◆ Dataset excerpt
◇ ◇ ◇ ◇ ◇
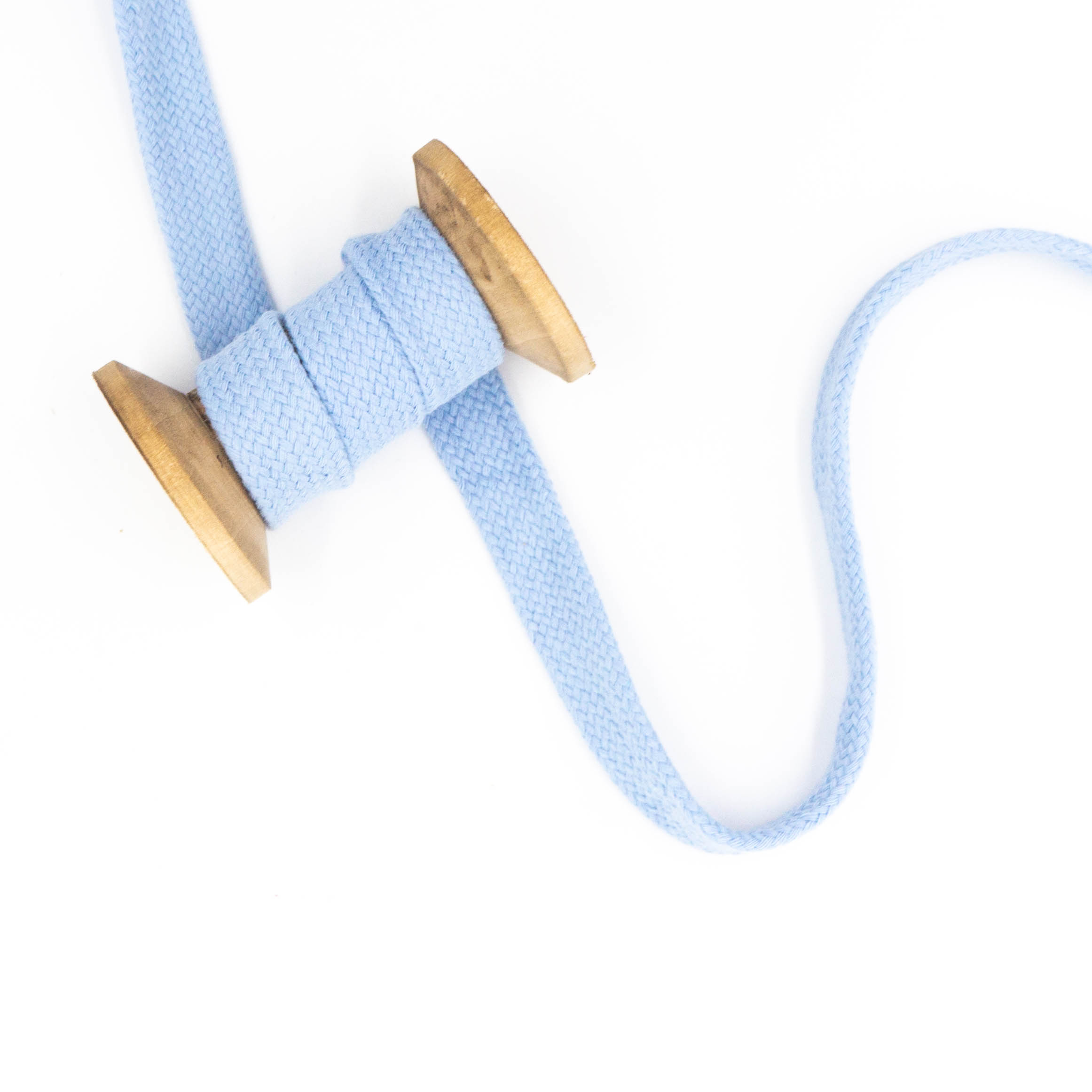 Die Flachkordel eignet sich besonders gut als Band für Zugverschlüsse an Beuteln oder Taschen aber auch für Tunnelzüge an Hosen und Hoodies.
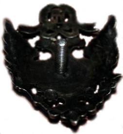 Знак в серебре. Накладка утеряна давно. Родная закрутка. Клейм нет. Оригинал. Размер знака приближен к размеру спичечного коробка.
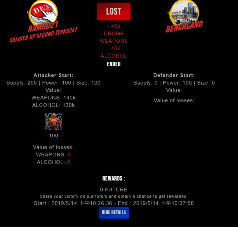 Check my latest fight ! rambo21 vs benchlandbenchland (29)in #drugwars-fight • 7 years ago #gaming #fight #dw
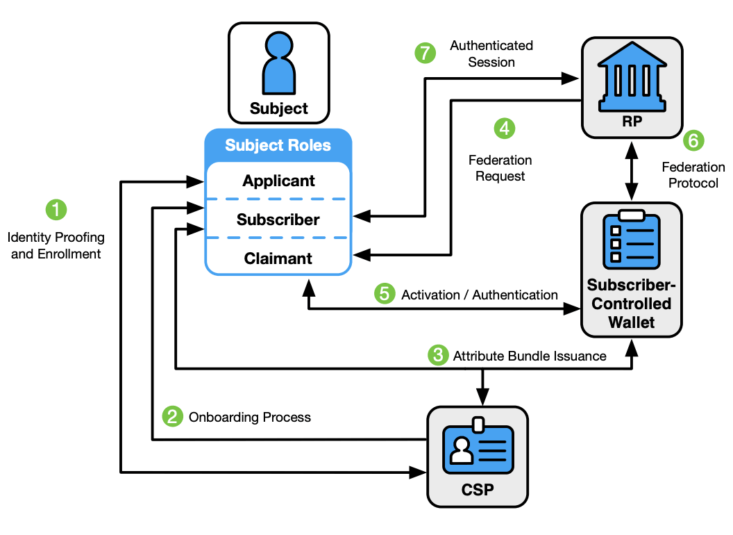 3. Subscriber-controlled wallet: New in 800-63-4. The CSP issues signed attribute bundles (verifiable credentials) directly to the subscriber. The subscriber’s wallet manages them and presents them directly to RPs, without the IdP being involved at assertion time.
◇ ◇ ◇ ◇ ◇
◆ Work required
Please output exactly the lines of the data above, from its first line through the line with "Знак в серебре.", and nothing else; drop the pictures.

◆ Written solution
 Die Flachkordel eignet sich besonders gut als Band für Zugverschlüsse an Beuteln oder Taschen aber auch für Tunnelzüge an Hosen und Hoodies.
 Знак в серебре. Накладка утеряна давно. Родная закрутка. Клейм нет. Оригинал. Размер знака приближен к размеру спичечного коробка.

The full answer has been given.